WHAT YOU ARE ASKED TO DO:
Return the listing below unchanged, minus its pictures.

SUPPLIED INFORMATION:
§ §

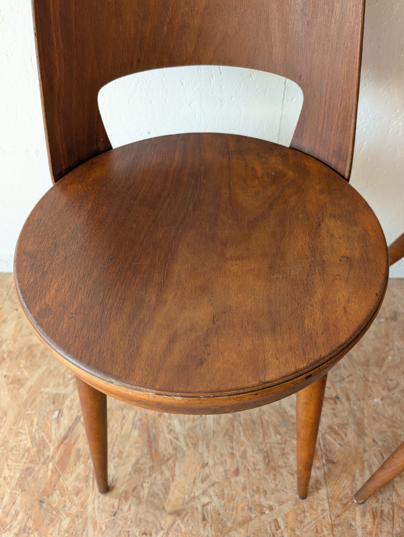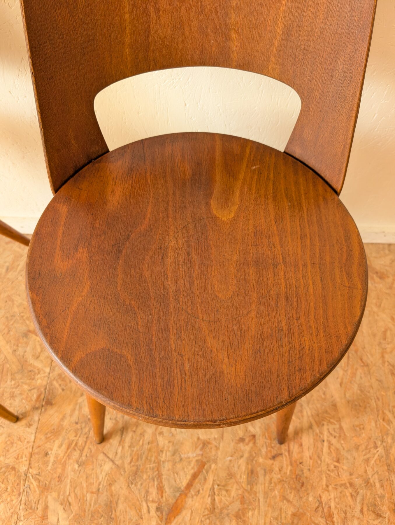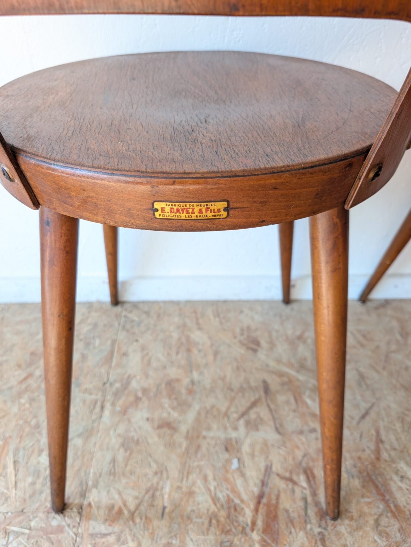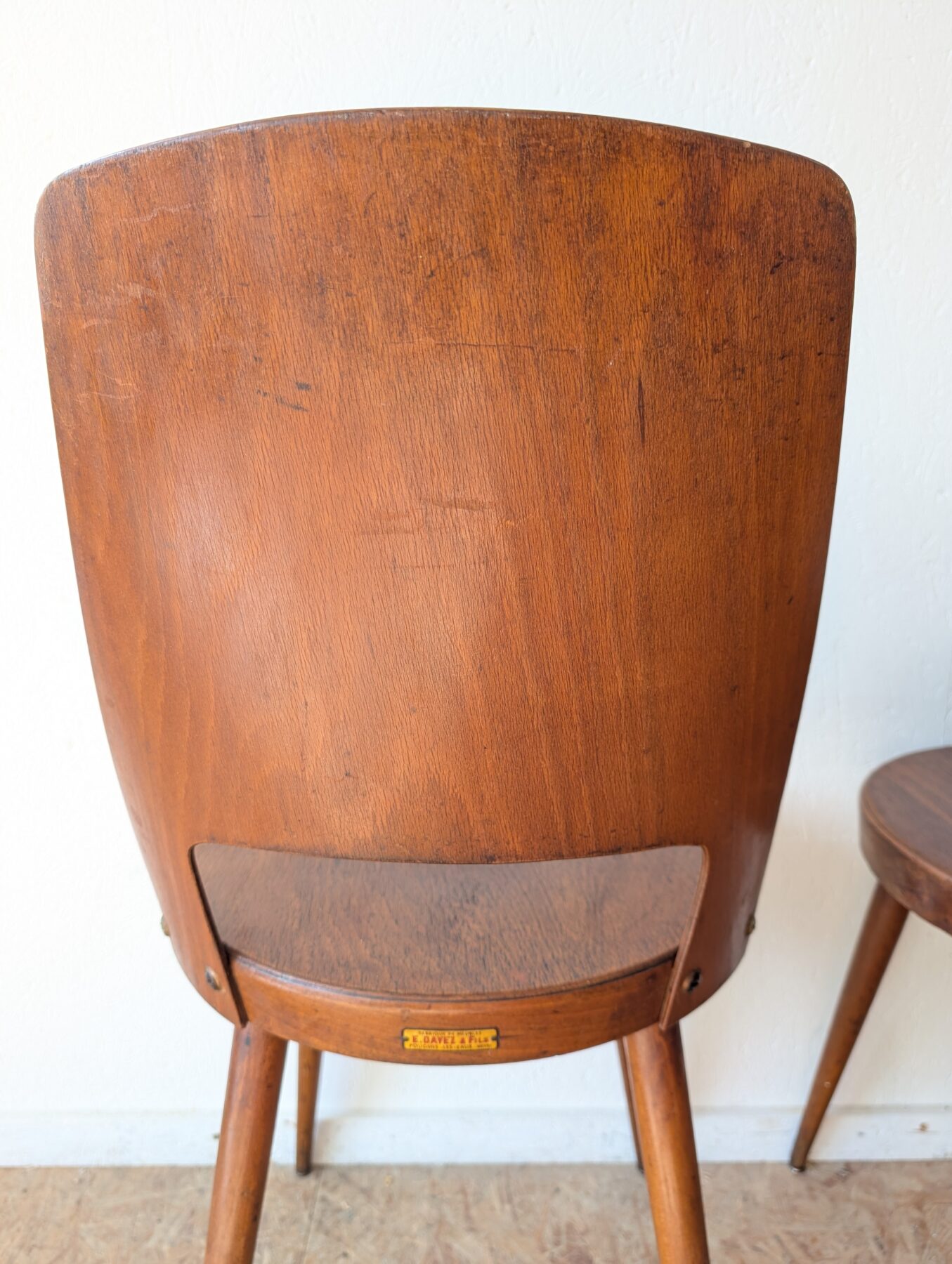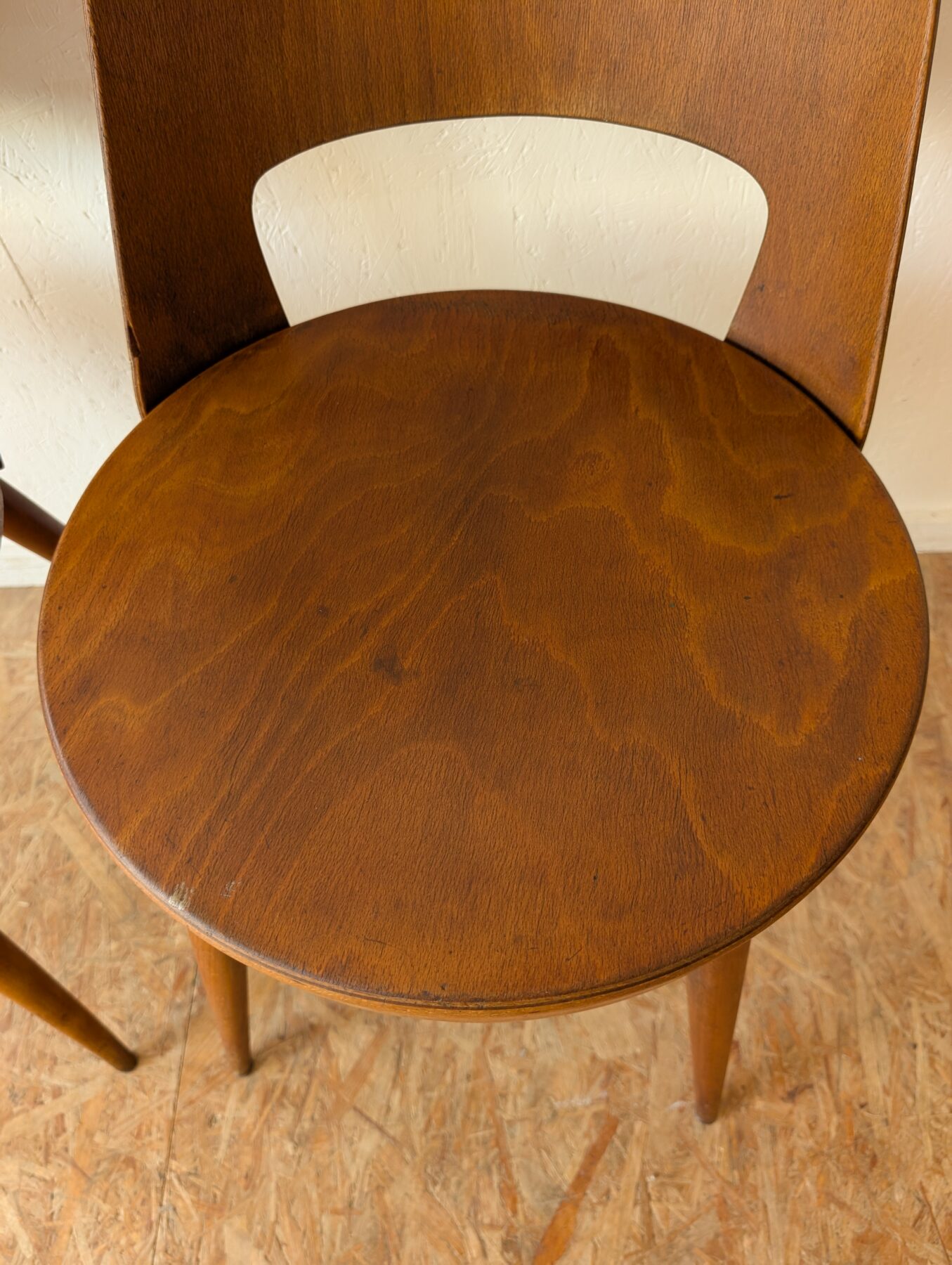Suite de 6 chaises hêtre des années 60 proches du modèle Mondor de Baumann. Fabrication française Davez & Fils (Nièvre).
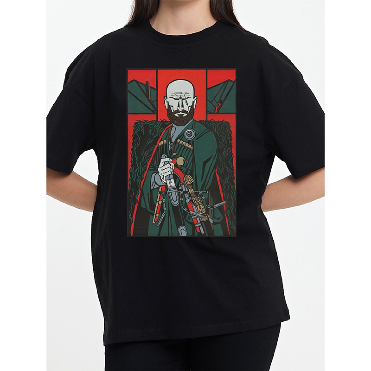 Особенный предмет коллекции, отражающий дух и легендарную стойкость кавказской культуры! Официально лицензированная Фондом Кавказа, эта черная футболка украшена впечатляющей работой «Чеченский Горец» известного чеченского художника Рустема Яхиханова. Каждая футболка является оригинальным произведением искусства, что делает ее не просто предметом одежды, но и выражением культуры. Она предлагает комфорт и долговечность благодаря высококачественной, нетоксичной печати и ткани из хлопка первого сорта.
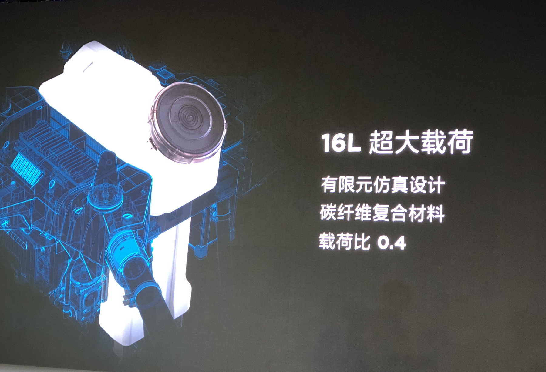 T16 植保无人飞机,最大载荷为 16 升,使用碳纤维复合材料等工艺,保证强度同时大大降低了整机的重量,载荷系数(载荷 / 整机重量比)为 0.4。

§ §

FINAL ANSWER:
Suite de 6 chaises hêtre des années 60 proches du modèle Mondor de Baumann. Fabrication française Davez & Fils (Nièvre).
 Особенный предмет коллекции, отражающий дух и легендарную стойкость кавказской культуры! Официально лицензированная Фондом Кавказа, эта черная футболка украшена впечатляющей работой «Чеченский Горец» известного чеченского художника Рустема Яхиханова. Каждая футболка является оригинальным произведением искусства, что делает ее не просто предметом одежды, но и выражением культуры. Она предлагает комфорт и долговечность благодаря высококачественной, нетоксичной печати и ткани из хлопка первого сорта.
 T16 植保无人飞机,最大载荷为 16 升,使用碳纤维复合材料等工艺,保证强度同时大大降低了整机的重量,载荷系数(载荷 / 整机重量比)为 0.4。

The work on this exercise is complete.